As far as moving forward, I'd like to keep working on this and see that there is some benefit to perhaps enhancing the code further, trying out different compression libraries... But I'm a little unclear on where this should go from here. I'm wondering if this really does need a BIP given the compression feature can be turned fully on/off through config settings and it's backward compatible with previous versions (advertising as a service). It doesn't seem that this is a major change to bitcoin but rather just another feature that is configurable? I'd like to get your guidance on this.

jgarzik commented at 5:06 PM on November 14, 2015: contributor

Protocol changes for behavior that appears on the network, even optional ones, need a BIP.

You're absolutely right, it is something that is easily made configurable, and there will probably be additional thought and discussion given to default setting(s) related to such a protocol feature, and an implementation's use of it.

ptschip commented at 8:52 PM on November 14, 2015: contributor

@jgarzik Thanks for the clarification. Just have one more question. Do I write up a formal BIP proposal first and then get a BIP number assigned or get a BIP number and then write the formal proposal?

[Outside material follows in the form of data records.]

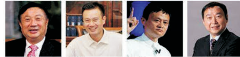
任正非 华为技术有限公司 创始人、总裁 叶简明 中国华信能源 董事局主席 马云 阿里巴巴集团 董事局主席 闫冰竹 北京银行 党委书记、董事长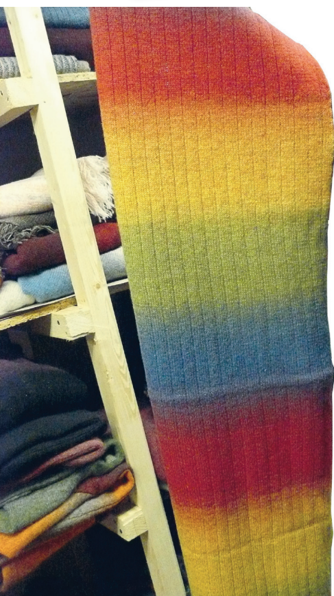
Masinkoes sall vikerkaarelõngast.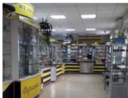
торговый зал после ремонта

gmaxwell commented at 9:08 PM on November 14, 2015: contributor

First figure out what you want to propose in detail while discussing with others, then write the document, post it as a draft (so people can comment), then make a pull req to the bips repository adding it and request a number and one will be assigned there.

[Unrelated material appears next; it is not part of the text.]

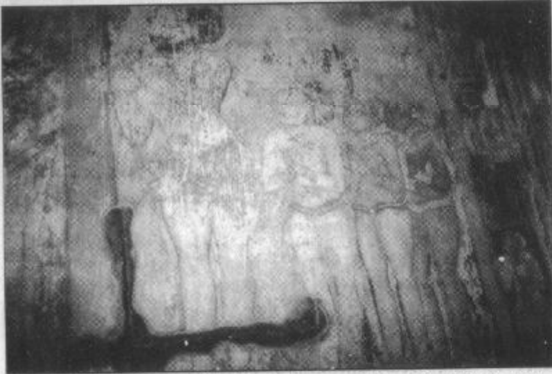
உடையார் ஸ்ரீ ராஜராஜத்தேவர் அவர் மனைவியர் தந்திசத்தி விடங்கி, வானதி, பஞ்சவன்மாதேவி (இது நாவலாசிரியரின் அனுமானம், சரித்திர ஆராய்ச்சியாளர்கள் உறுதி செய்யவில்லை.)

“வெற்றி வாகை சூடி வாருங்கள். இது உங்களுடைய மேன்மை யான நேரம் என்று ஜோதிடர்கள் சொல்கிறார்கள். அதே நேரம் சனி கிரகத்தால் கடுமையான வேலைப் பளுவும், சிந்தனை அதிகரிப்பும் இருக்கும் என்றும் சொன்னார்கள், நல்லத் தூக்கமும், படுக்கை சுகமும் கெடும் என்றும் சொன்னார்கள்.

I suggest trying to drop the standard compressor and try using a simple custom one. For example, that keeps a little 256 entry LFU cache for txouts scriptpubkey and a 256 entry cache for 'script sigs' the first push if there are two and first two if there are more than two. I think such a construction could get equal (or perhaps better) compression than zlib and be much faster. (other small improvements would be similarly coding nsequences, txver, nlocktime, and vin-- but I these are necessarily small improvements that will only save a few bytes per transaction)

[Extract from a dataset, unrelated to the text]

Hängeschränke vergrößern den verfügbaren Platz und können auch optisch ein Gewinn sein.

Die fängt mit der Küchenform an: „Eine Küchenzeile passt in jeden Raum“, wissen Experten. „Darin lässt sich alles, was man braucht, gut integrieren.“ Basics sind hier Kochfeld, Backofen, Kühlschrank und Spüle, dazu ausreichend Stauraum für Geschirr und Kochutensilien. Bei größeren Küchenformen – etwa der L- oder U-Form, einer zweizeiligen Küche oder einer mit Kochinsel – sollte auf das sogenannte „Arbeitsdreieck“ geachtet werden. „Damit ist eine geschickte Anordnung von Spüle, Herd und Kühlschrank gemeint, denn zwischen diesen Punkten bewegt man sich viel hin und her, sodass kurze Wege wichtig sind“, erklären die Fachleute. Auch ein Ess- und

jgarzik commented at 9:23 PM on November 14, 2015: contributor

"meat before number assignment" - you want demo implementation and BIP-draft-ptschip-compression written before requesting number, ideally.

ptschip commented at 9:26 PM on November 14, 2015: contributor

sounds good...thanks.

On 14/11/2015 1:23 PM, Jeff Garzik wrote:

"meat before number assignment" - you want demo implementation and |BIP-draft-ptschip-compression| written before requesting number, ideally.

— Reply to this email directly or view it on GitHub #6973 (comment).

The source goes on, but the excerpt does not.